Friday, August 09, 2013

Transcript

It's often been observed that technological innovations are the primary force driving the evolution of the mass media. But make your way through the 402 pages Paul Starr's book The Creation of the Media, and that notion will be left in dust - along with many other common assumptions. In the book, Starr argues that the government has played a much more fundamental role in the growth of the American media than is commonly thought. He discusses his research with Brooke.

Guests:

Paul Starr

Hosted by:

Brooke Gladstone

Comments [2]

Thank you for looking into the role of the government in creating and supporting the media throughout history. From creating the Internet, to copyright, to press freedom and rights, to FCC spectrum, to local right of way, to municipal franchise agreement with cable companies, to anti-trust, to public notice laws that paid newspapers, to BBC/CBC/CPB and other govt funded media, to the postal rules to advantage magazines, etc, no discussion of the media today should not consider the role of government.

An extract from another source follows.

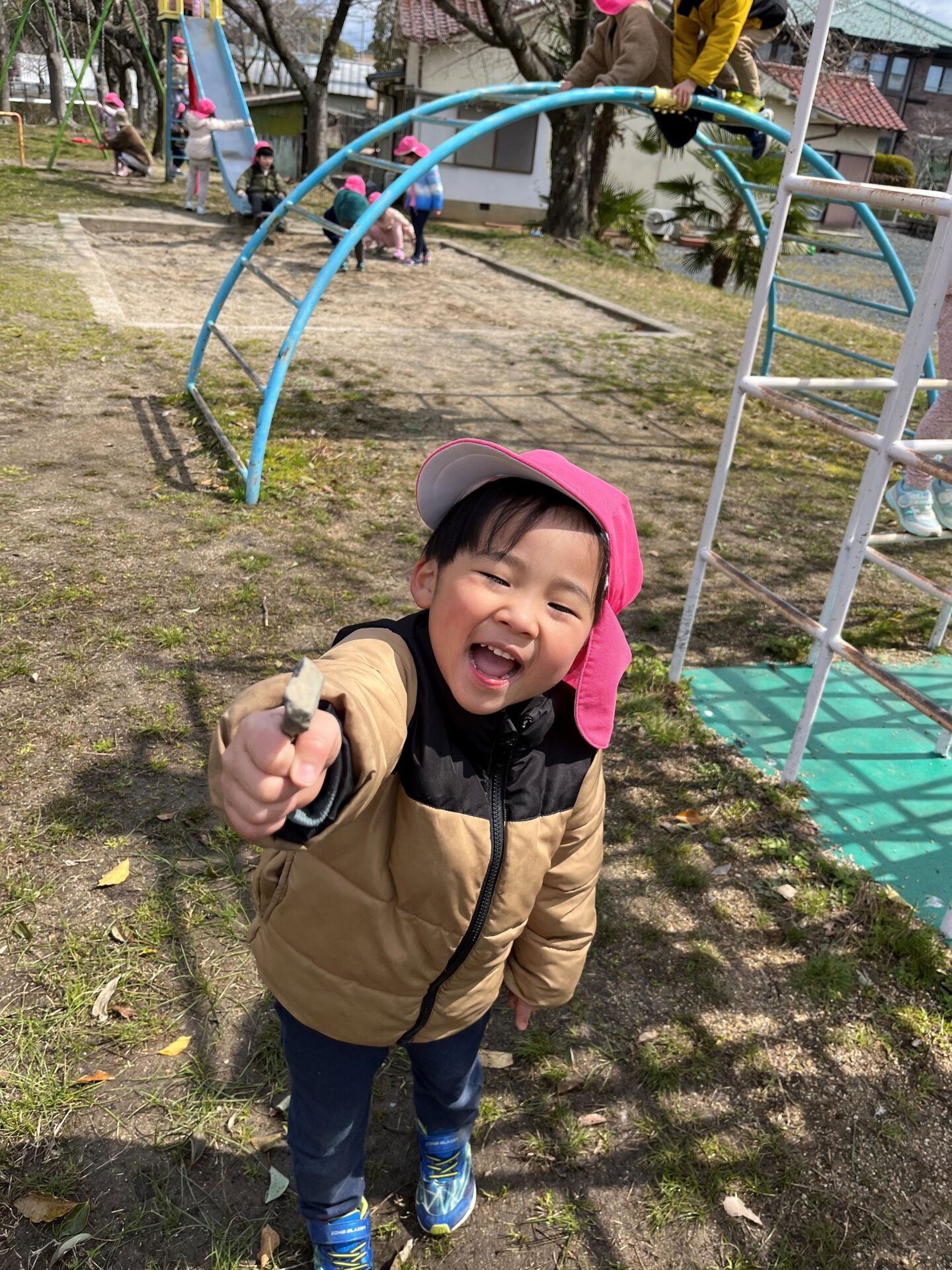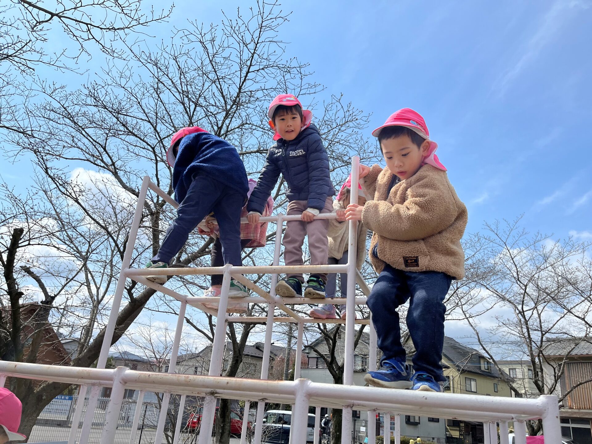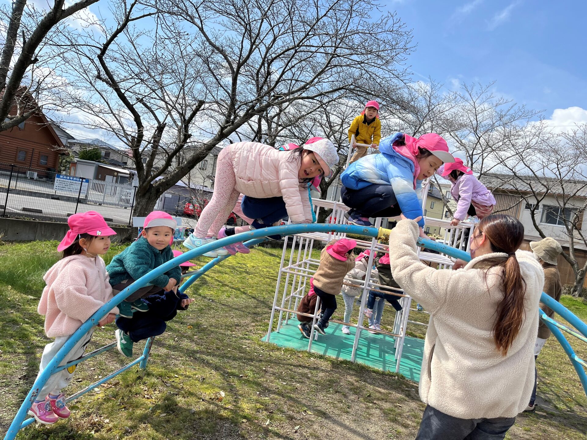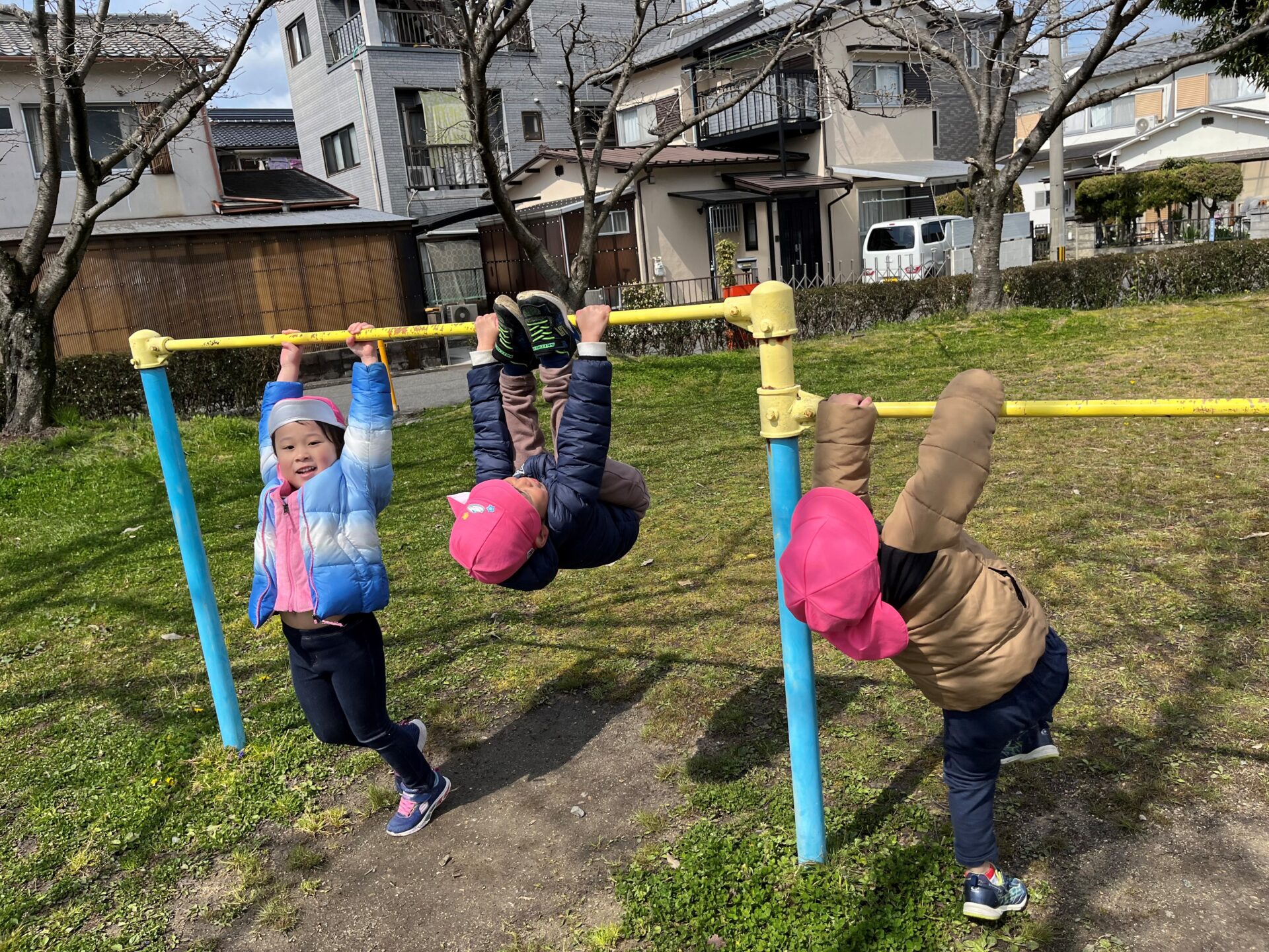 野上公園に着くと、ジャングルジムや滑り台、鉄棒などたくさんの遊具に大はしゃぎの子ども達♪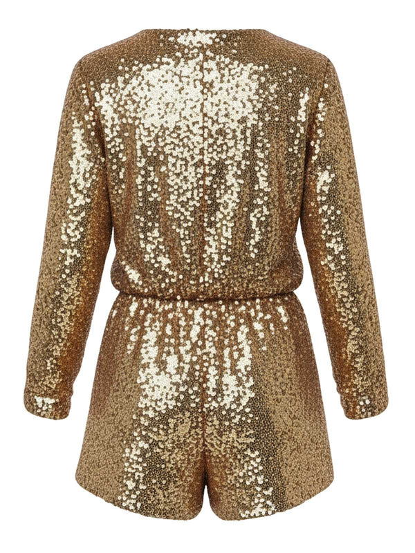 1970s V-Neck Sequin Long Sleeve Romper | Retro Stage

After asking for this type of piece, I am thrilled. But I would like you to go one further. Look at how the government can help the news business find a better business model. Should copyright and fair use regulations be changed? Should fees on access be assessed to pay into a fund for journalistic organizations (similar to in the UK)? Philanthropy is a poor substitute for a long term model. One other option is to go back and have the government do public notice through buying advertising space. Government agencies at all levels have been building web sites that allow for "public notice" and saving money that was spent on advertising. Saving that money means fewer journalists to write about government too. This change alone will vastly improve access to government info as well as reinvigorate independent journalism. And some of the public funding for elections could be put aside for ad space on media outlets (not just television ads). I am sure you can find even more ideas.

Aug. 12 2013 10:45 AM
Carl Isaacson from Lindsborg, Kansas

While Mr. Starr's reading of the American situation is very interesting, and given the qualification he makes of press freedom laws, he is probably correct. But America was not the first to enact Free Press laws. Sweden, in 1766, passed a freedom of the press law. That law was overturned by Gustav III, but was restored and even extended after the monarch's death. It is great that we celebrate American freedoms, but we have to be on guard against the kind of exceptionalism that leads to easy jingoism. I look forward to reading Mr. Starr's book.